Ivans Lukjanovs (born 24 January 1987) is a retired Latvian footballer, who played as a winger.

Club career
Lukjanovs was born in Daugavpils, Latvian SSR, Soviet Union. As a youth player he played for JFC Skonto, making his first first-team appearance in 2006. That season he played 2 matches, scoring no goals. In November 2006 Lukjanovs and his team-mate Oļegs Laizāns went on a training camp together with the Italian giants Lazio, but didn't stay with the club. His further career led through loans to another club from Riga Olimps/RFS and two Lithuanian clubs.

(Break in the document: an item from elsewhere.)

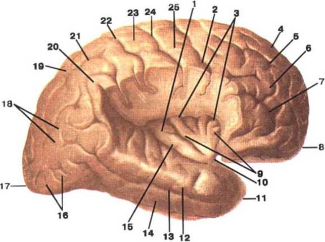 1-insula; 2-sulcus precentralis; 3-suIcus circularis insulae; 4-gyrus frontalis superior; 5-sulcus frontalis superior; 6-gyrus frontalis medialis; 7-sulcus frontalis inferior; 8-polus frontalis (anterior); 9-gyri breves insulae; 10-limen insulae; 11-polus temporalis; 12-gyrus temporalis superior; 13-sulcus temporalis superior; 14-gyrus temporalis medialis; 15-gyrus longus insulae; 16-gyri occipitales laterales; 17-polus occipitalis (posterior); 18-gyrus angularis; 19-lobulus parietalis superior; 20-gyrus supramarginalis; 21-sulcus intraparietalis; 22-sulcus postcentralis; 23-gyrus postcentralis; 24-sulcus centralis; 25-gyrus precentralis.

He played 10 matches and scored 2 goals for Olimps/RFS in 2008. During his time in Lithuania Lukjanovs played 12 matches, scoring 1 goal for FK Šiauliai and 12 matches, scoring 5 goals for FK Sūduva. In 2009 Lukjanovs returned to the Latvian Higher League side Skonto FC and managed to score 14 goals in 15 matches.

After a few months he and his team-mate Sergejs Kožans joined the Polish Ekstraklasa club Lechia Gdańsk. In his first season with Lechia Lukjanovs played 29 matches, scoring 2 goals. In his second season there he had the same statistics – 2 goals in 29 games. The third season saw Lukjanovs playing less – 1 goal in 19 league matches. After the season Lukjanovs was released from the club alongside Sergejs Kožans.

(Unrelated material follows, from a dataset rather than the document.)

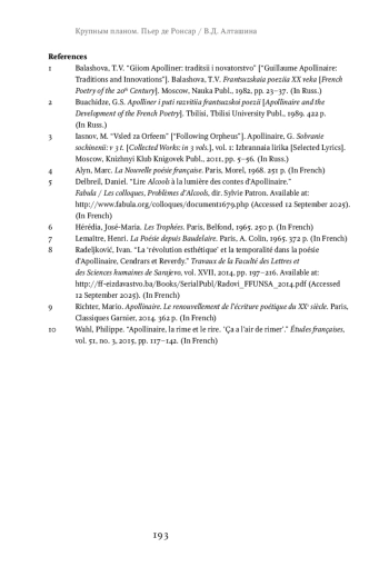 1. Балашова Т.В. Гийом Аполлинер: традиции и новаторство // Балашова Т.В. Французская поэзия ХХ века. М.: Наука, 1982. С. 23-37.

On 18 August 2012, Lukjanovs moved to the Ukrainian Premier League club Metalurh Zaporizhya. Despite playing a great debut match at the club, Lukjanovs was rarely used throughout the season. He played only 4 games for the team and, furthermore, was sharply criticized by the manager Vitaliy Kvartsyanyi for being too afraid of playing aggressively and not having a character. In December 2012 Lukjanovs revealed that he would not stay at the club anymore.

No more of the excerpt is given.